In many ways Google has reinvented, or at least greatly amplified, how people find information on the Internet by creating the de facto search engine and now the company is trying to reinvent e-mail as well. Inbox is that attempt, a web and mobile client not so much designed around helping people clear out their inboxes but instead developed to bubble what appears important to the top and squish the cruft to the bottom.

About a week ago, I received my invite to Google Inbox and I’ve been attempting to use it exclusively since then… Attempting with greater or lesser success.

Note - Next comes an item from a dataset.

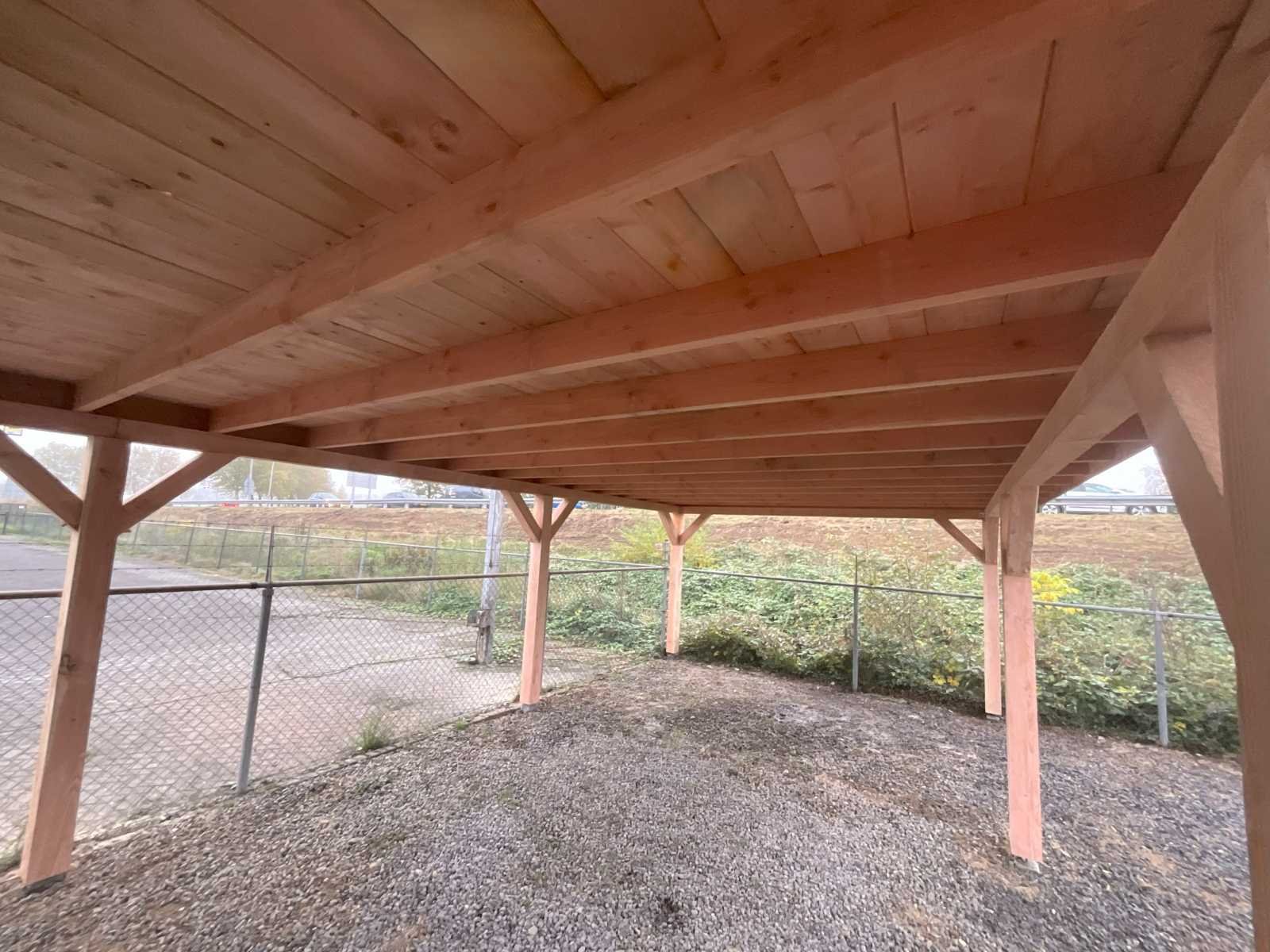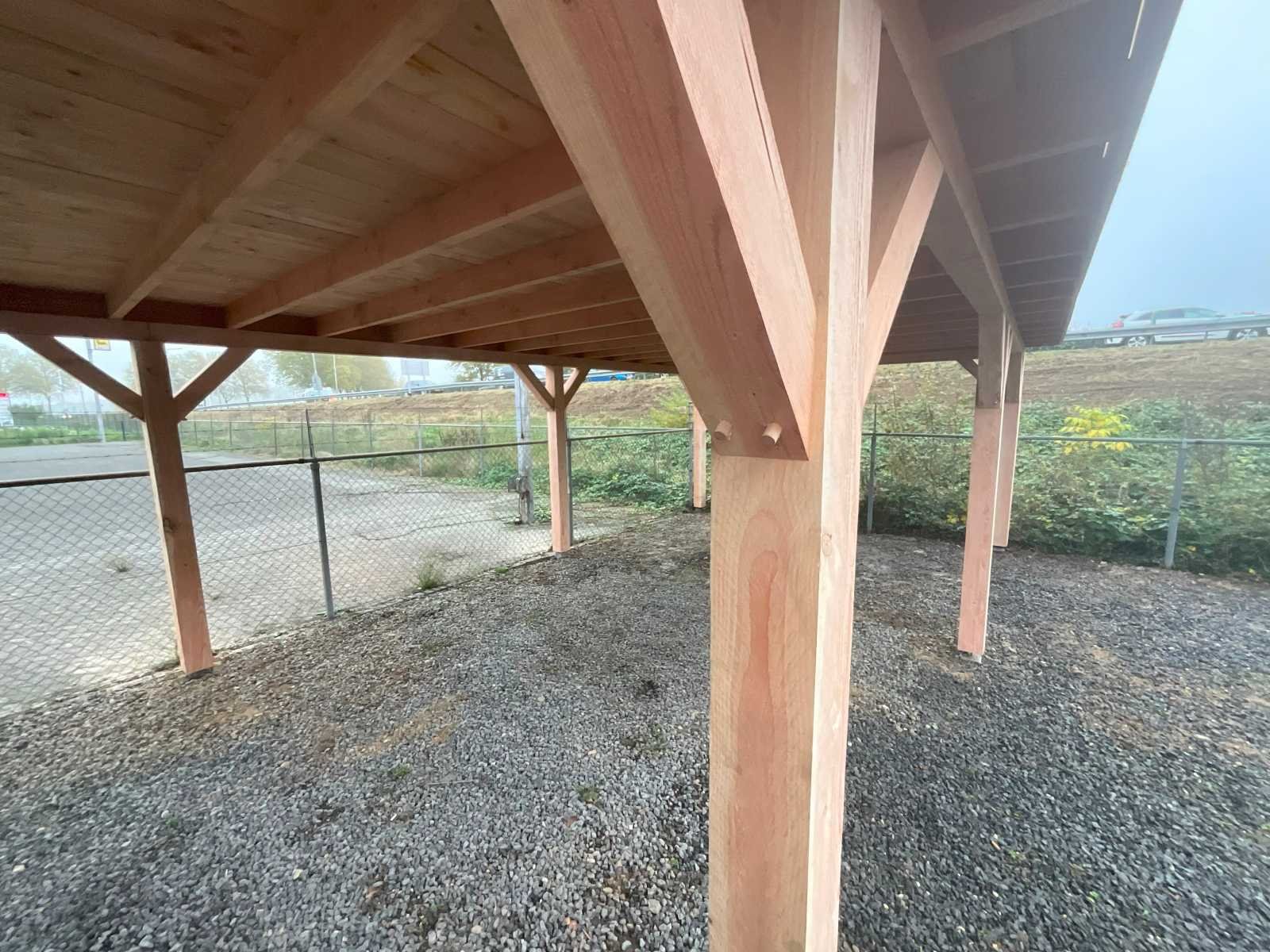 Specificaties Buitenverblijf: Palen: 150x150 mm Liggers: 120x120 mm Dakbalken: 50x150 mm Dakplanken: 18 mm dik Het buitenverblijf wordt geleverd als bouwpakket, op maat gezaagd, inclusief bevestigingsmateriaal en een handleiding. Afmeting: 1500x400 cm (buitenmaat dakrand) Aantal palen: 14 stuks Dakbedekking en paalhouders: Niet inbegrepen Hoogte: Doorloophoogte: 225 cm Totale hoogte: 257 cm Breedte en diepte: De opgegeven maat betreft de dakmaat. Dakoversteek: Links, rechts en voorzijde: 30 cm Achterzijde: Geen oversteek Afmetingen pakket: 125x500x140 cm (BxLxH) Gewicht: 2400 kg Model: Vrijstaand Gewicht: 2400kg Lengte: 1800cm Breedte: 400cm Hoogte: 257cm Materiaal: Douglas

Currently, Google Inbox is invite only and you must request an invite from Google. If you’re wondering if Inbox is for you, then keep reading.

Inbox: The look and feel

Google Inbox comes with versions for mobile (iOS and Android) as well as the web. The look and feel of both is extremely similar, but Inbox appears to be designed primarily for mobile use. The interface is minimalistic, using big blocks to display titles, careful adjustment of whitespace, and a variety of symbols to promote interaction.

My mobile device is a Galaxy S4 smartphone so that will become the basis of my review of the user experience for Inbox.

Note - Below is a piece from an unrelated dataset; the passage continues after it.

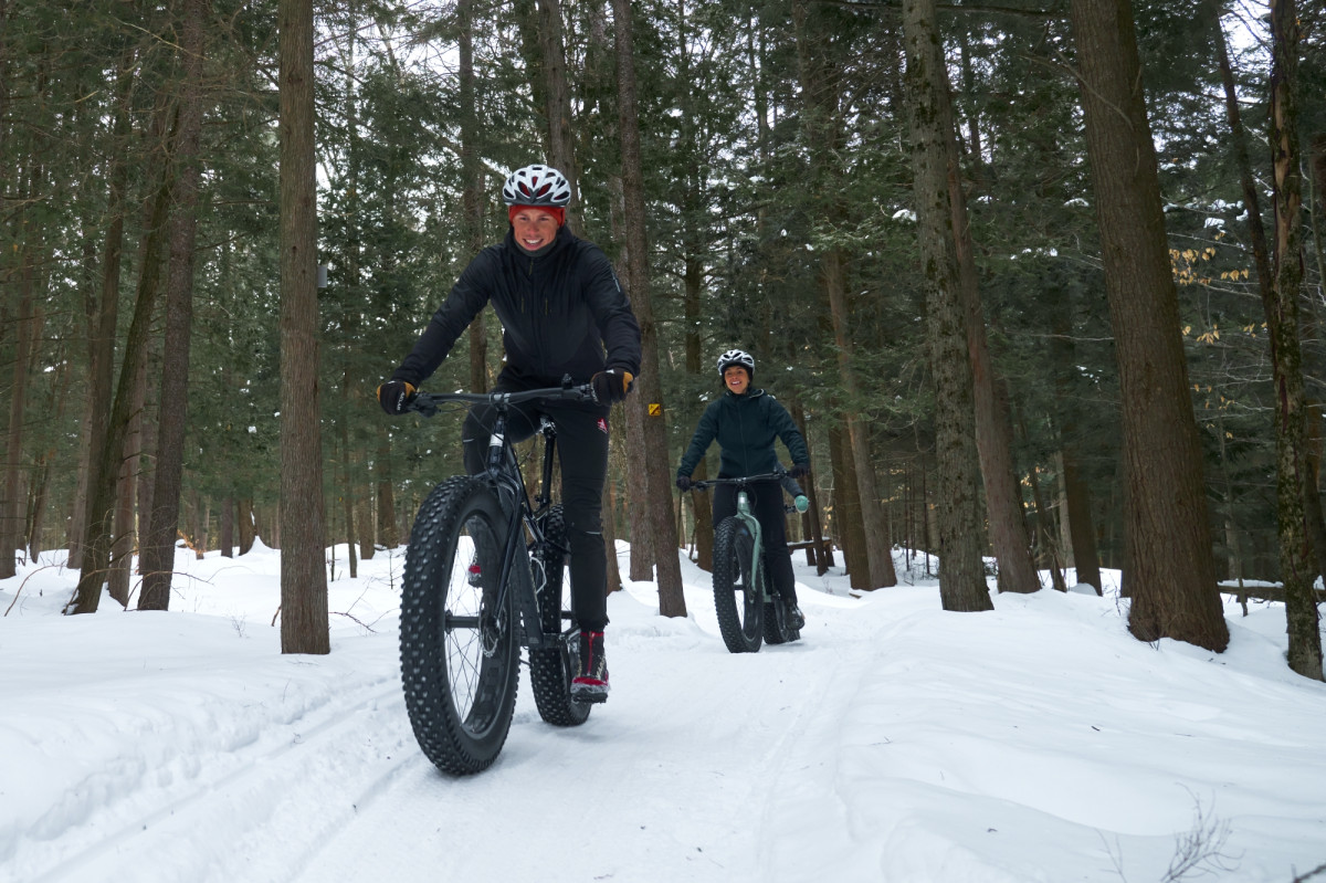 Ah, le fatbike, ce sport génial qu’on peut pratiquer à l’année! Sa popularité ne se dément pas, et nombreux sont ceux qui attendent avec impatience que l’hiver revête son manteau blanc pour s’adonner à leur passion! Au Parc national du Mont-Orford, les amateurs de vélo à pneus surdimensionnés profitent de 25 km de superbes pistes, de niveaux facile à difficile! Propriétaire d’un fatbike? Offrez-vous un abonnement annuel pour pratiquer durant les 4 saisons votre sport de prédilection! Plutôt envie d’en faire un premier essai? De superbes montures vous attendent en location au Cerisier (toujours gratuit pour les moins de 17 ans)! Mais on vous prévient : vous risquez de développer une nouvelle passion!

google-inbox-screen-cap01At first blush, Inbox looks like an e-mail client that’s just “thicker” all around. The UI does not spend a lot of time trying to squeeze as many e-mail headers as possible onto the screen—as is my experience with most e-mail clients—but instead spends screen real estate making headers readable and identifying when multiple e-mails have been shoved into a drawer.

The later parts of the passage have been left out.